In the high-dimensional data indexing method,

A spill tree construction step of extracting arbitrary samples from an N-dimensional feature vector set and constructing a spill tree based on the extracted sample feature vectors;

Determining a computing node for dividing and distributing a feature vector according to the composition of the spill tree and storing the feature vector in the node;

Local signature generation step of generating and storing a local signature for the distributed stored feature vector at each node

High-dimensional data parallel index method in a cluster environment comprising a.

The method of claim 7, wherein

Feature Vector Extraction Step of Sampling N-D Feature Vectors from Multimedia Objects

The high-dimensional data parallel index method in a cluster environment further comprising.

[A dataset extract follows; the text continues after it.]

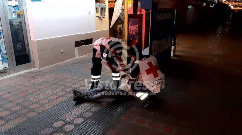 Tampico, Tam. Elementos de la Cruz Roja asistieron a la atención de un hombre que se encontraba tirado en el…

The method of claim 7, wherein

Generating feature vectors and local signatures according to adding multimedia objects

The method of claim 9, wherein generating the feature vector and the local signature comprises:

Searching the spill tree with an N-dimensional feature vector to determine the node;

Storing the feature vector in the corresponding node;

Regenerating and storing a local signature for the feature vector at the node of interest

In the high-dimensional data indexing method,

Executing a spill tree search based on a query feature vector value;

Determining at least one terminal node having a value similar to the query feature vector value as a candidate node in the spill tree;

Computing a local signature of the query feature vector at the candidate node;

Retrieving a local signature file based on the local signature of the query feature vector

High-dimensional data parallel search method in a cluster environment comprising a.

The method of claim 11,

Performing local signature search at the candidate node;

Retrieving a feature vector value corresponding to the retrieved signature

The high-dimensional data parallel retrieval method in a cluster environment further comprising.